Acute post-streptococcal glomerulonephritis: Pathogenesis, Morphology

Overview

Acute post-streptococcal glomerulonephritis is developed after streptococcal bacterial infection in children and young adults. It is the most common disorder in developing countries in the world.

Age group: Most frequently present in children between 6-10 years of age, but may develop in adults.

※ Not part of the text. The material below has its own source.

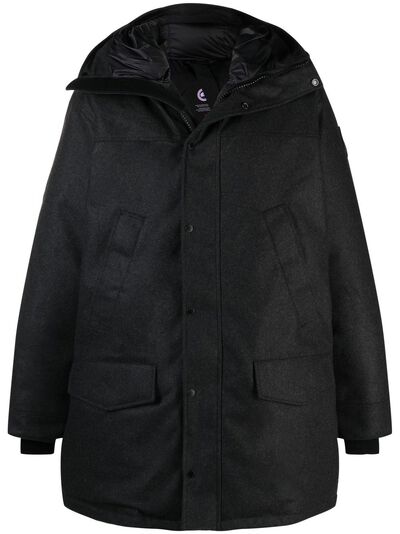 anthracite grey recycled wool blend duck feather padded design classic hood front press-stud and zip fastening drawstring waist long sleeves ribbed cuffs two handwarmer pockets two front flap pockets internal zip-fastening pocket internal backpack straps

Etiology and Pathogenesis of Acute post-streptococcal glomerulonephritis

• Follows streptococcal infection (hence post-streptococcal infection) rather than direct primary infection of the kidney by bacteria streptococci.
• Primary streptococcal infection generally involves the part of the pharynx (pharyngitis) or the skin area (impetigo/pyoderma).
• Infections of Skin are usually associated with scarlet fever, overcrowding, and poor hygiene.
• Certain strains of group Aβ -hemolytic streptococci are nephritogenic. More than 90% are due to types 12, 4, and 1.
• The streptococcal antigenic component responsible for immune reaction in acute post-streptococcal glomerulonephritis is streptococcal pyogenic exotoxin B (SpeB) in most but not all cases.
• The latent period of 1 to 4 weeks following primary streptococcal infection.
• Immune-complex mediated disease.

Mechanism of Damage

• Immune complexes are formed in the circulation and get deposited within glomeruli.
• Immune complexes initiate inflammation via. activating complement & other humoral & cellular mediators of inflammation.
• The inflammatory mediators attract and activate neutrophils and monocytes and stimulate the proliferation of the mesangial and endothelial cells.
• The result is Hypercellular glomerulus.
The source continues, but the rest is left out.